After missing an important day of class, campus freshman Steve Escobar used the excuse that he had been exposed to COVID-19 while visiting home to ask his lecturer for an opportunity to make up the work he missed.
The exposure was real, Escobar said, but the story was partially false. Escobar only received an exposure notification text after he had emailed his lecturer, notifying him to get tested due to an exposure at a banquet he had attended. Though his lecturer was initially hesitant, the makeup request was eventually accommodated, according to Escobar.
“The professor’s role is initially to accommodate, knowing we are coming out of a pandemic,” Escobar said, “But it is also hard to accommodate knowing that we are three years into the pandemic and students are becoming more unreliable.”
Campus freshman Adrian Martinez said they used the fact that their roommate tested positive for COVID-19 to be excused from class, even though they had recently recovered from COVID-19 themself and was not worried about getting sick.
Martinez said they used the exposure as an opportunity to “recuperate” for their mental health, as there were still online options available.
“I saw an opportunity and I took it for my own well-being. It wasn’t necessarily to be precautious because I knew I wasn’t going to expose everyone,” Martinez said. “When my friends found out they were like, ‘I’m going to say I had an exposure because I see you.’ ”
Martinez noted this may create a “domino effect” of many students skipping the same class at once.
ASUC Academic Affairs Vice President James Weichert said only 50 students attended one of his classes this week in a lecture hall meant for 500.
Campus media studies lecturer Matthew Berry noted attendance has been around 40-60% this semester, compared to 80-90% in previous semesters.
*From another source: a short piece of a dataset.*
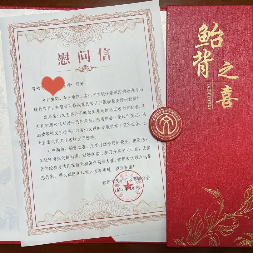 ▲在重阳节这个浸润着尊老、敬老、爱老传统的节日里,常州市文联以“心”为笔,精心策划90岁以上老艺术家专属慰问活动。一通通带着温度的电话、一封封满含敬意的书信,将“娘家人”的关怀精准送达,用实际行动践行“服务文艺家、温暖文艺家”的初心,让“文艺家之家”的温情底色愈发鲜活。

Berry added that attendance in his classes is optional due to the omicron variant.
According to Berry, this attendance rate is detrimental to academic performance. He noted the average score on one of his classes’ midterms was 67.5%, even though the exam was structurally identical to previous semesters where the lowest midterm average was 78%.
“I simply hate seeing so many students do poorly on exams and struggle to master material I know they would have an easier time grasping with regular attendance,” Berry said in an email. “If the choice is between either making course content simpler or instituting policies that will help students master difficult concepts so that they can succeed academically and in their careers, then I opt for the latter.”
Berry acknowledged, however, that it is often difficult for students to regularly attend every class. To accommodate students who miss class, Berry uploads his lecture slides to bCourses and includes more lecture content on each slide. He also offers to meet with students over Zoom to discuss class concepts.
Weichert noted students who skip class may still be learning the content by watching recorded lectures. He added that rather than mandating attendance, instructors should seek to understand why students are less willing to come to class in person and address those issues.
“The way students digest course content has shifted greatly,” Weichert said in the email. “Forcing them to sit through an unengaging lecture isn’t going to change how much course content they absorb. This is potentially a question that instructors don’t want to face, but it’s a question that has to be asked.”